**COLLECTED MATERIAL:**
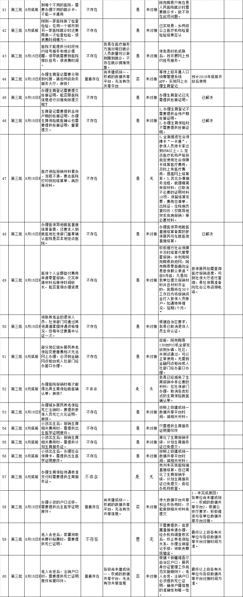 阿克陶县第一、二、三、四、五批群众办事堵点问题处理进展报告
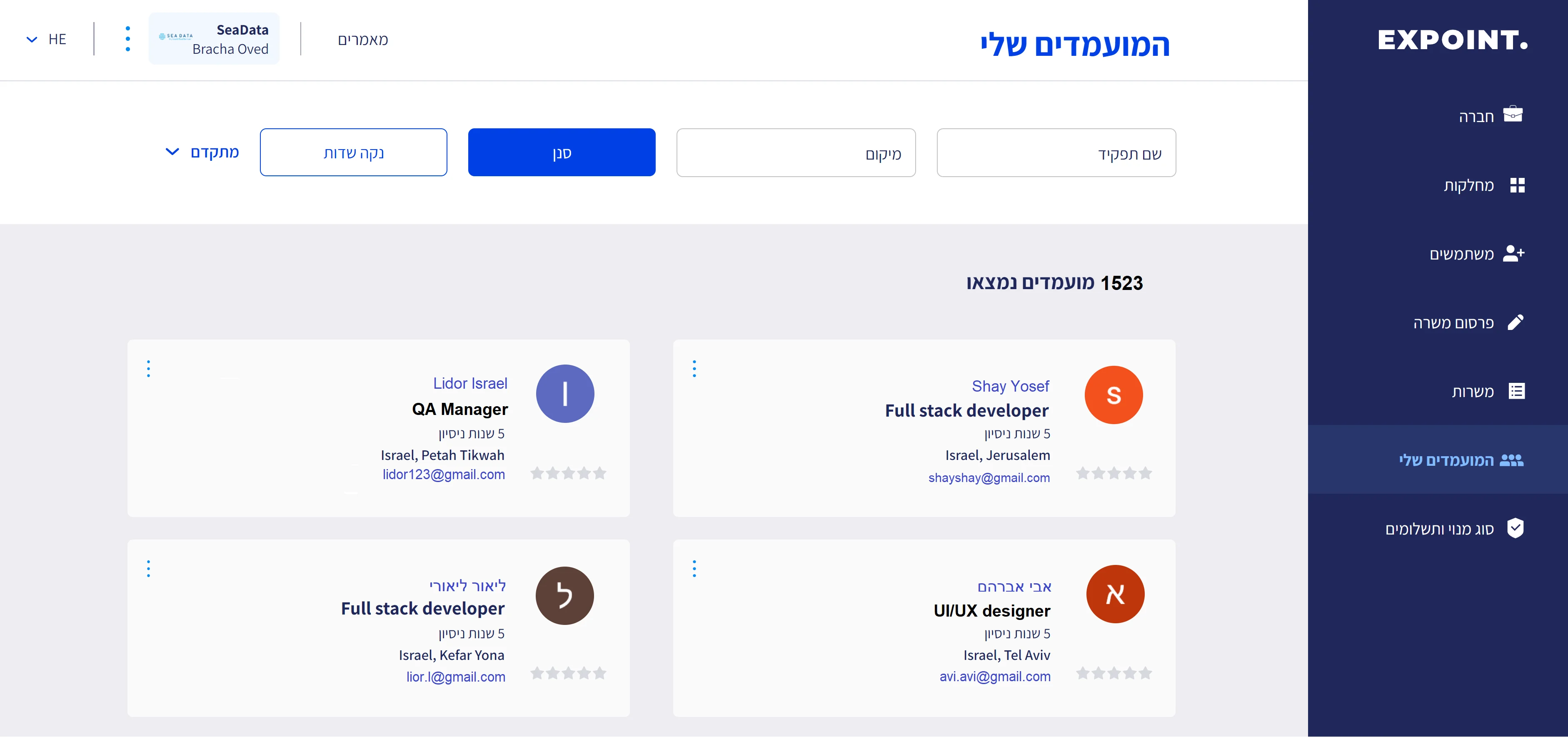 Expoint היא זירה שמרכזת גם משרות דרושים בהייטק וגם מחפשי עבודה ופרילנסרים בתחומים שונים. כך, המגייסים לא חייבים להסתפק בפרסום משרות והמתנה לקורות החיים – אלא יכולים לחפש בעצמם מועמדים שמתאימים להם – על פי שורה ארוכה של קריטריונים ופילוחים שרלוונטיים להם.
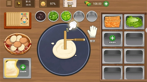 随着游戏进程的推进,试着去创新煎饼的品类与口味,以此来满足顾客多种多样的需求。
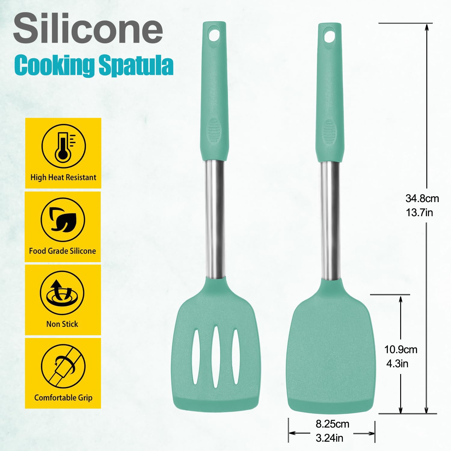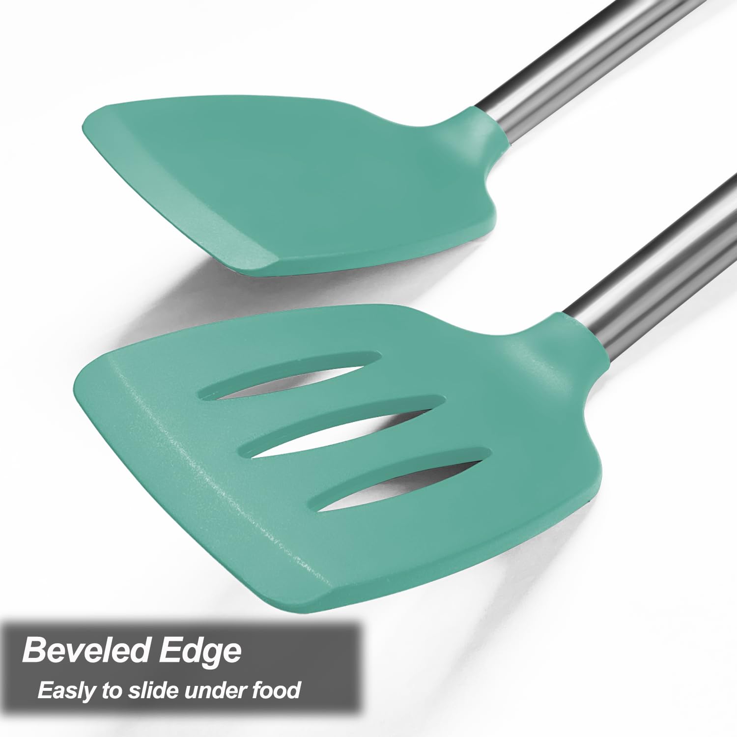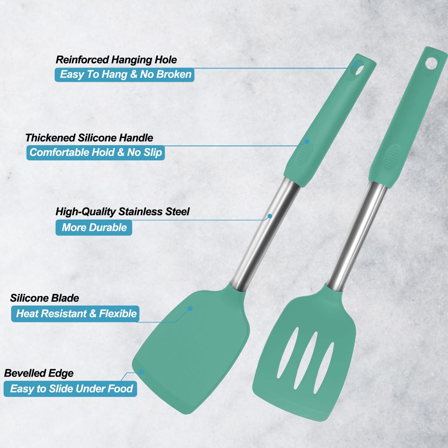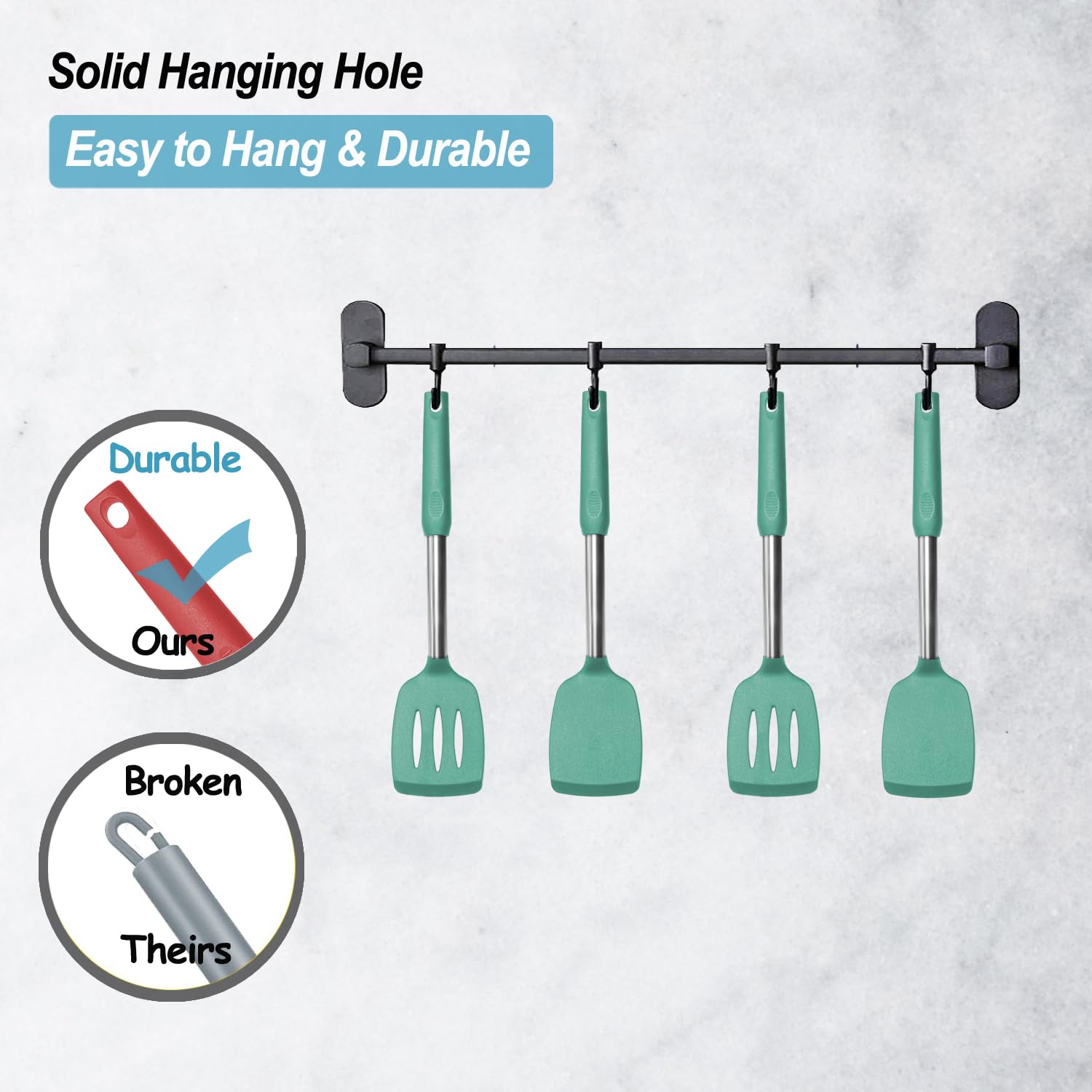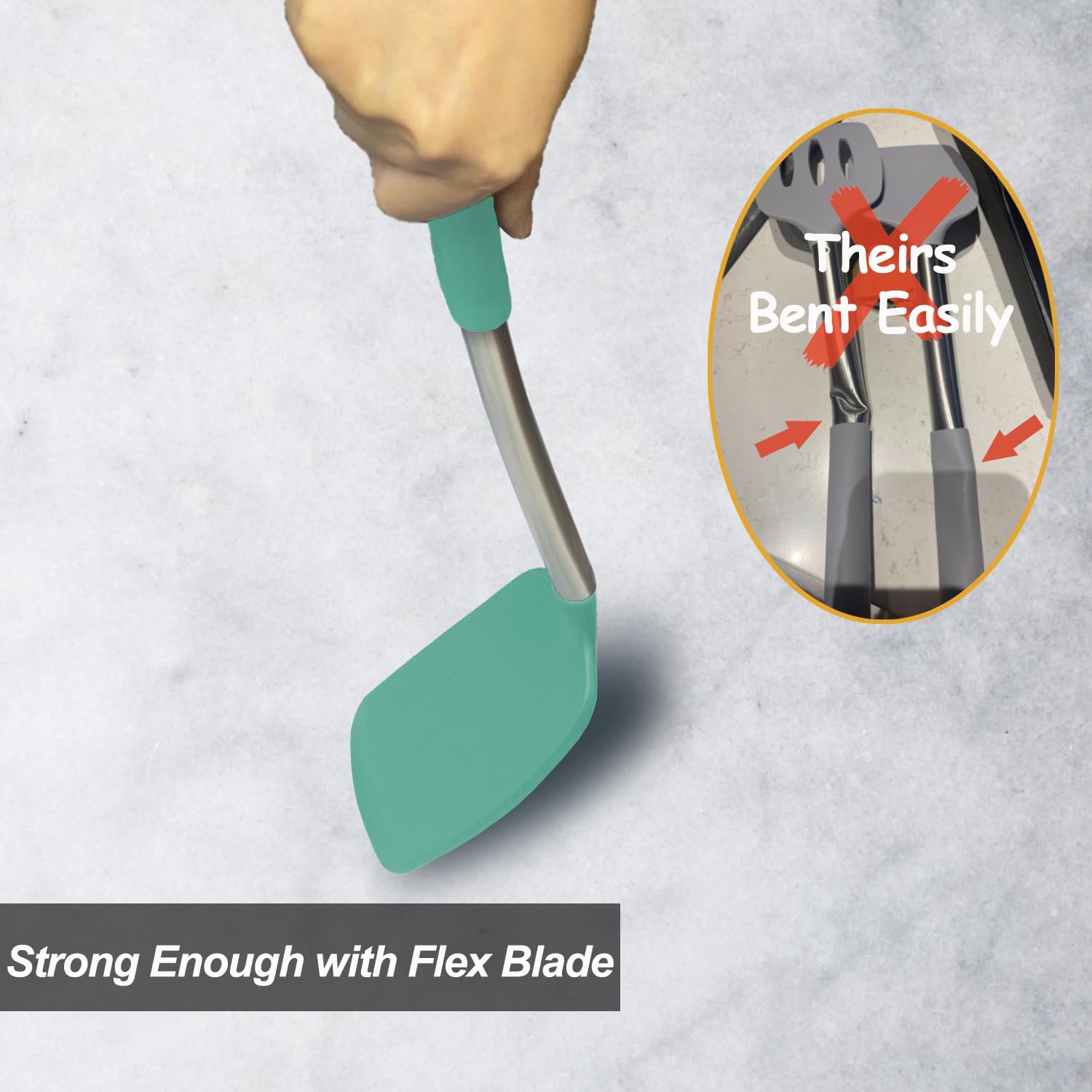 Lasting Long: This silicone spatula set turners are made of high quality stainless steel, premium silicone with thoughtful design, to avoid blade and handle melting, and the strengthened hook is noway to break as other generics

**YOUR INSTRUCTIONS:**
Everything from the line containing "Expoint היא זירה" through the last line of the listing above must be output exactly, except the pictures.

**RESULT OF THIS TASK:**
 Expoint היא זירה שמרכזת גם משרות דרושים בהייטק וגם מחפשי עבודה ופרילנסרים בתחומים שונים. כך, המגייסים לא חייבים להסתפק בפרסום משרות והמתנה לקורות החיים – אלא יכולים לחפש בעצמם מועמדים שמתאימים להם – על פי שורה ארוכה של קריטריונים ופילוחים שרלוונטיים להם.
 随着游戏进程的推进,试着去创新煎饼的品类与口味,以此来满足顾客多种多样的需求。
 Lasting Long: This silicone spatula set turners are made of high quality stainless steel, premium silicone with thoughtful design, to avoid blade and handle melting, and the strengthened hook is noway to break as other generics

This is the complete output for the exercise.